Michel

Ecrit:

C’était hier

Ecrit: C’était hier


21 janvier 2026 par Michel

Miroir c

 

INTRODUCTION — Avant que tout ne bascule

Il fut un temps où la vie avançait lentement, presque maladroitement, comme un vieux cheval fatigué mais fidèle.
On ne parlait pas de progrès, on parlait de faire ce qu’on pouvait avec ce qu’on avait.
Les journées avaient une odeur de terre, de bois, de pluie, de pain chaud.
Les gestes étaient simples, les attentes modestes, les besoins clairs.

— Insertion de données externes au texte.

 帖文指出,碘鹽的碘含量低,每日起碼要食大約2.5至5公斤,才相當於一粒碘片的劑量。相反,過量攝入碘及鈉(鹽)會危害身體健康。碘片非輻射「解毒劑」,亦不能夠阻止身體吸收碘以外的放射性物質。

On ne cherchait pas à aller plus vite.
On cherchait juste à tenir debout.

Puis, sans qu’on s’en rende compte, quelque chose a changé.
Les machines sont entrées dans nos maisons comme des invités polis, puis elles ont pris la place du silence, de la patience, du temps.
On a cru gagner du confort.
On a perdu autre chose, plus discret, plus vital.

Ce texte raconte ce glissement.
Ce passage d’un monde rugueux mais humain
à un monde lisse mais vide.
Ce n’est pas un regret.
C’est un constat.
Un miroir qu’on n’ose plus regarder.

 

C’était hier

C’était hier.
Ou peut‑être il y a une vie.
Un temps où l’on vivait avec le monde, pas à côté de lui.
Un temps où l’on n’avait pas grand‑chose, mais où ce “pas grand‑chose” suffisait à tenir debout.

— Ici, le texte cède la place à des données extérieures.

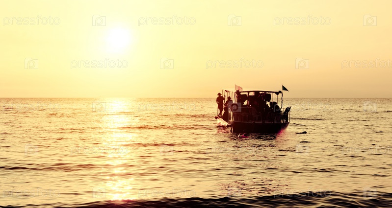 Силуэты на пляже в лучах заходящего солнца на острове Самет, Таиланд

On se levait avec la lumière, pas avec une alarme.
On savait si le pain était prêt en écoutant le bruit du four, pas en regardant une application.
On connaissait la météo en levant les yeux, pas en consultant un radar coloré.
On parlait aux voisins en frappant à la porte, pas en envoyant un message qui reste sans réponse.

On vivait lentement, parfois trop lentement, mais on vivait entier.

Les enfants jouaient dehors, dans la boue, dans les arbres, dans les fossés.
Aujourd’hui, ils jouent dans des rectangles lumineux qui leur mangent les yeux.
Hier, on apprenait la patience en attendant que l’eau chauffe.
Aujourd’hui, si la vidéo met trois secondes à charger, on soupire.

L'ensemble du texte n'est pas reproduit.